Of course, most organizations are not at that scale. But AI is compressing the timeline. What took hyperscalers a decade to encounter at ten thousand people, a mid-sized company can encounter in eighteen months at two hundred people.

The fragmentation builds in the background, across rational decisions, until it’s too distributed to trace. By then, the question is no longer how to prevent it. It’s how much it will cost to reverse it.


It shows up first in places easy to dismiss. A support ticket that doesn’t fit a clean category. A CS rep spending an extra thirty minutes untangling something that should have been straightforward. A sales engineer on an enterprise call who can’t quite explain how two parts of the product work together, not because they don’t know the product, but because the product no longer has a clean answer.

And then, eventually, it shows up in a QBR. A customer who has been using the product for three years, who relies on it every day, who cannot articulate what it is for anymore. Not because they’ve lost faith. Because the product stopped telling a coherent story and they absorbed that confusion without knowing where it came from.

By the time that conversation happens, the fragmentation is already baked in. It lives across dozens of reasonable decisions, hundreds of justified features, thousands of individual moments where the incentive system worked exactly as designed. There is no single decision to reverse. There is no team to blame. There is only the accumulated distance between what the organization intended and what it actually built.

Here is what made that distance possible.

The friction that used to force coherence accidentally is gone, removed by the same acceleration that made the teams feel so productive. The incentive structures kept rewarding shipping. The surface area kept expanding. Leadership attention kept drifting toward execution. And two operating tempos kept pulling apart inside the same org chart. Nobody designed any of it. Nobody noticed until the distance became impossible to close.

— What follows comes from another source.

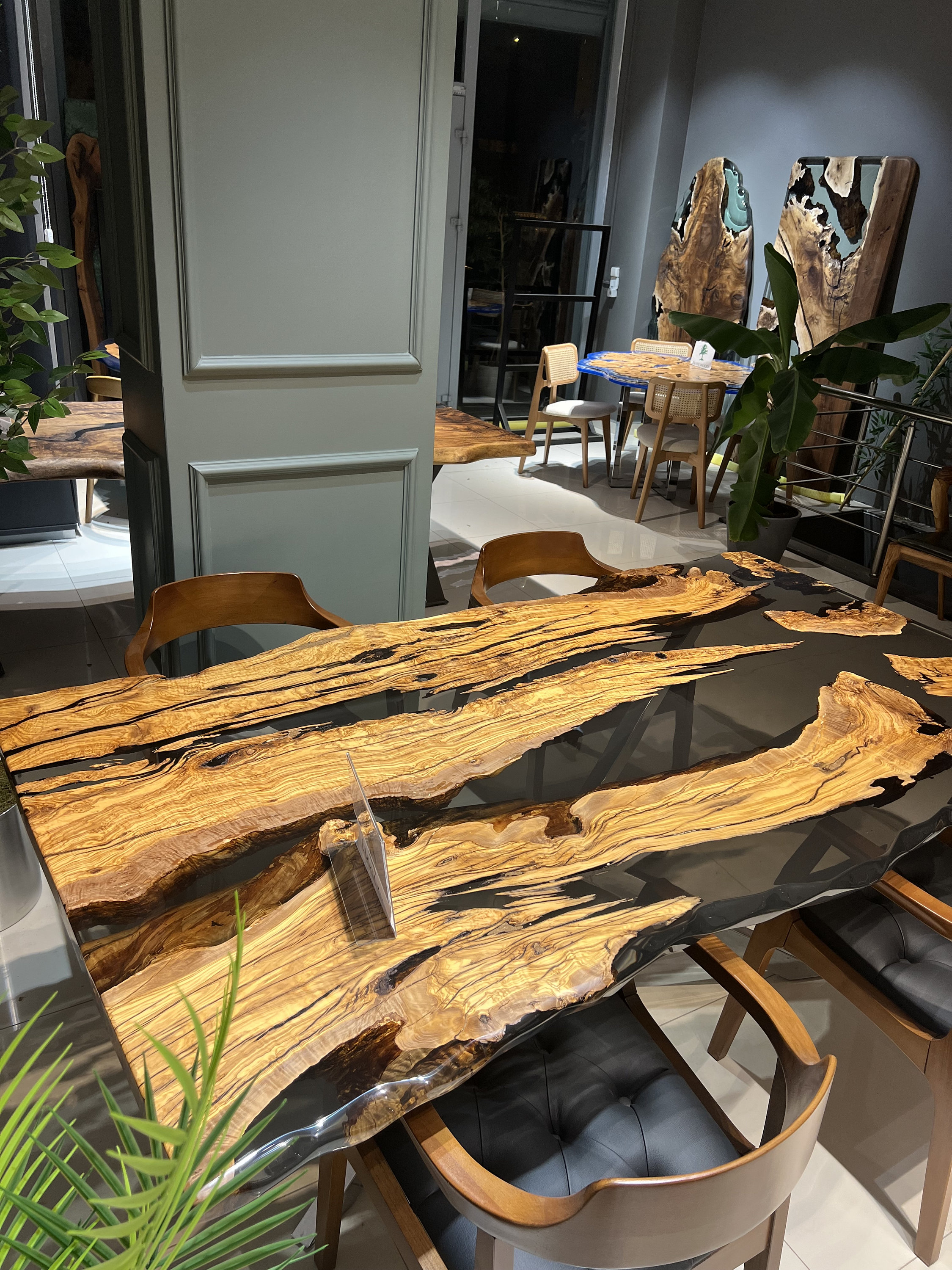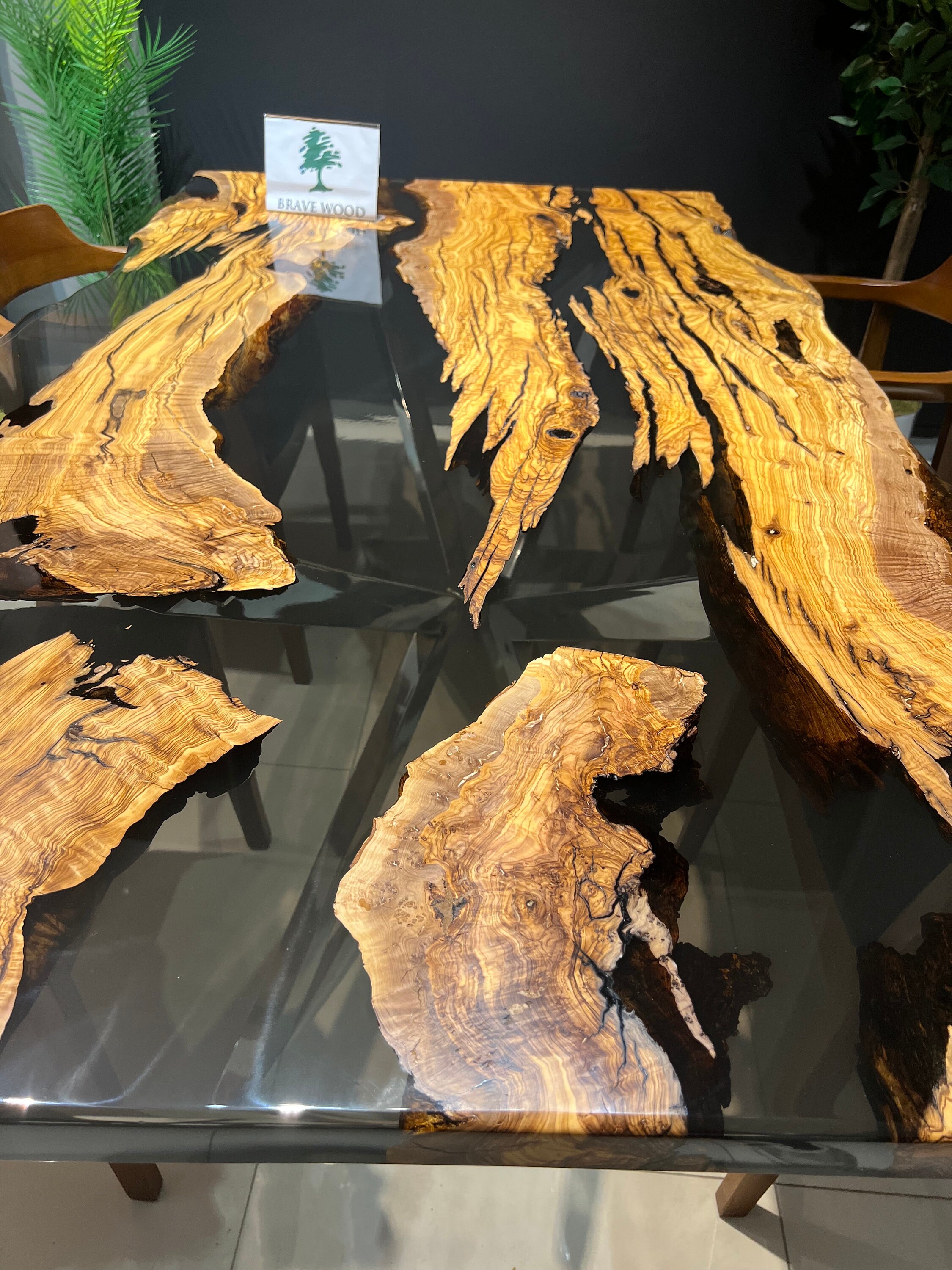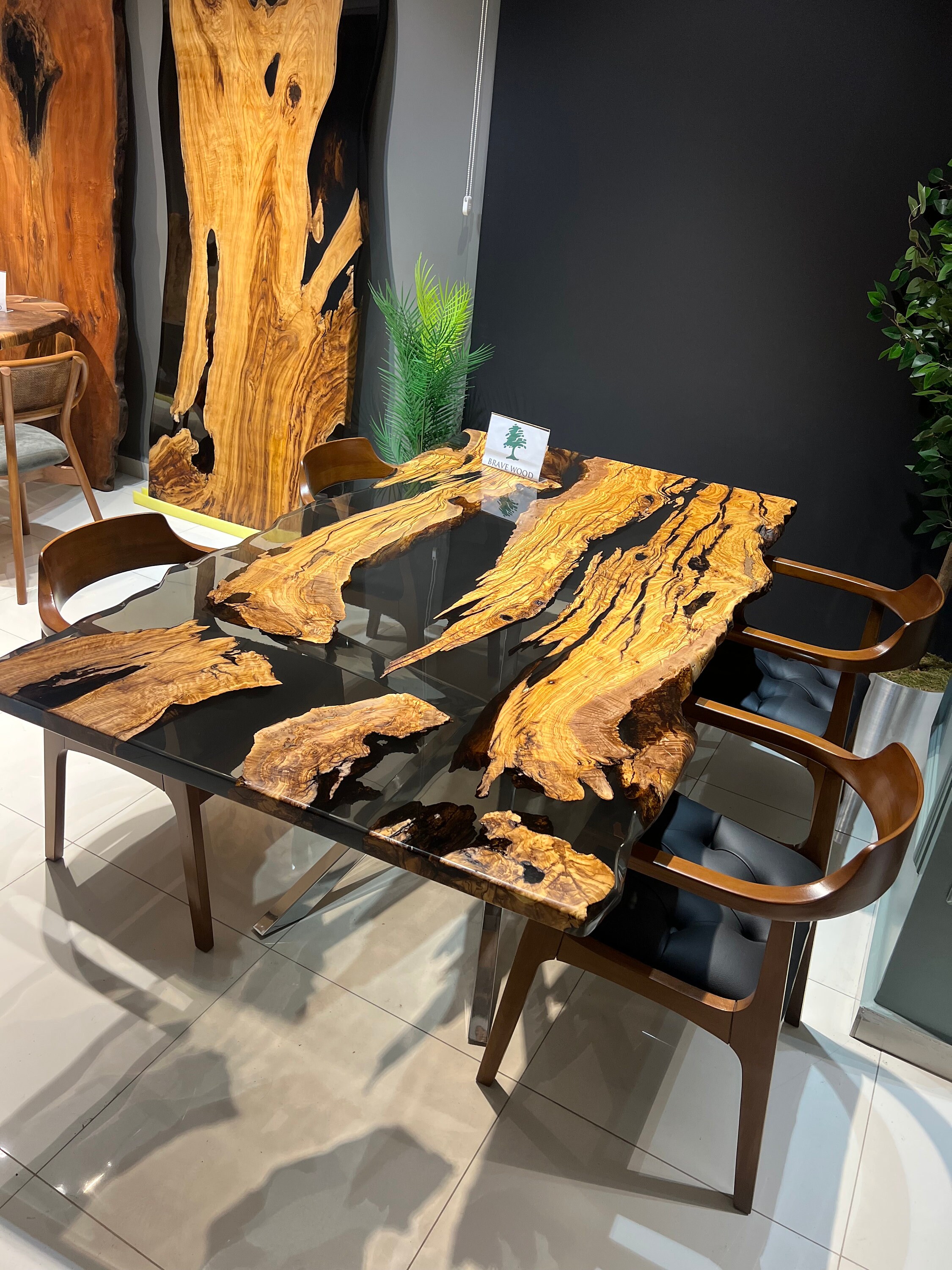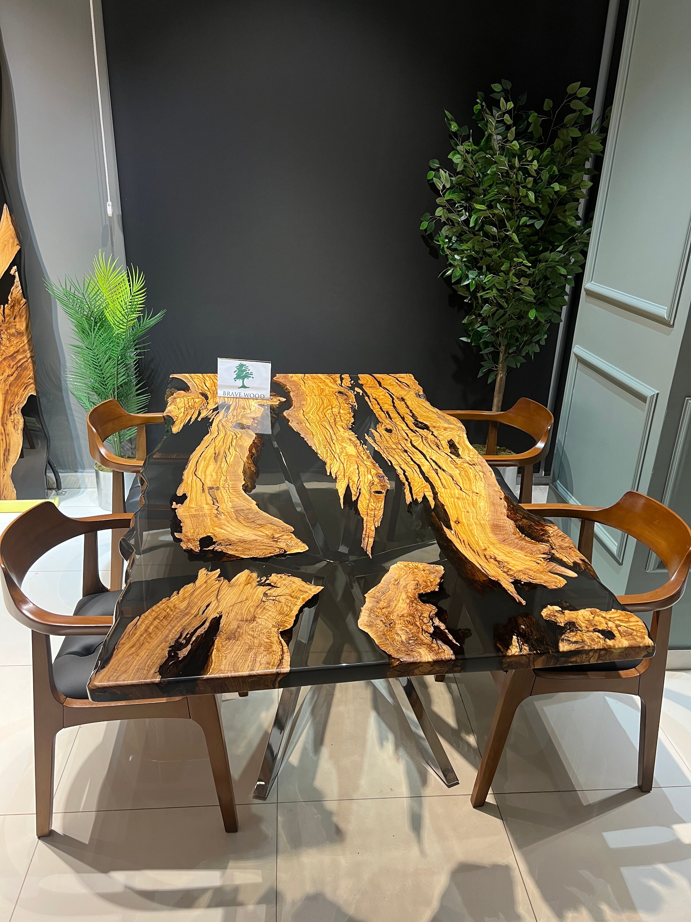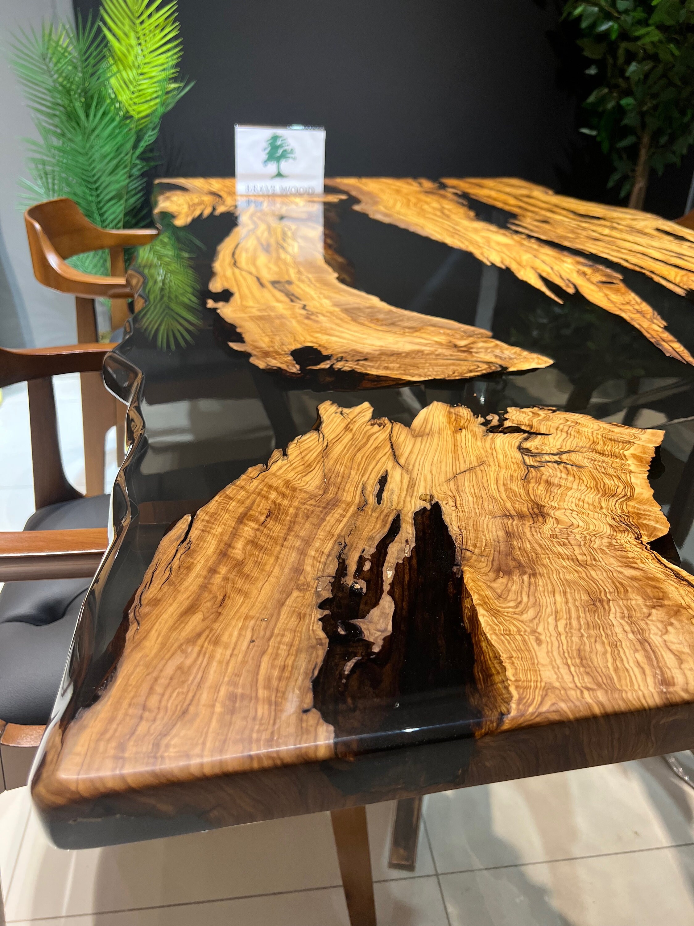 Olive Dining Table for your living room or kitchen. Custom made olive wood dining table with blue or green epoxy like river pattern. Unique, special design with soft edges and handmade production just for you, your home and your kitchen.

None of it was planned. None of it was anyone’s fault. The mechanisms that used to prevent it were never designed, they were inherited. And that inheritance is gone.

What replaces it, how organizations build and maintain coherence intentionally at the speed the AI era demands, is the question that matters most. And it is one I am digging into next.

The ones who recognize it early enough will have a choice. The ones who don’t will find it in a QBR.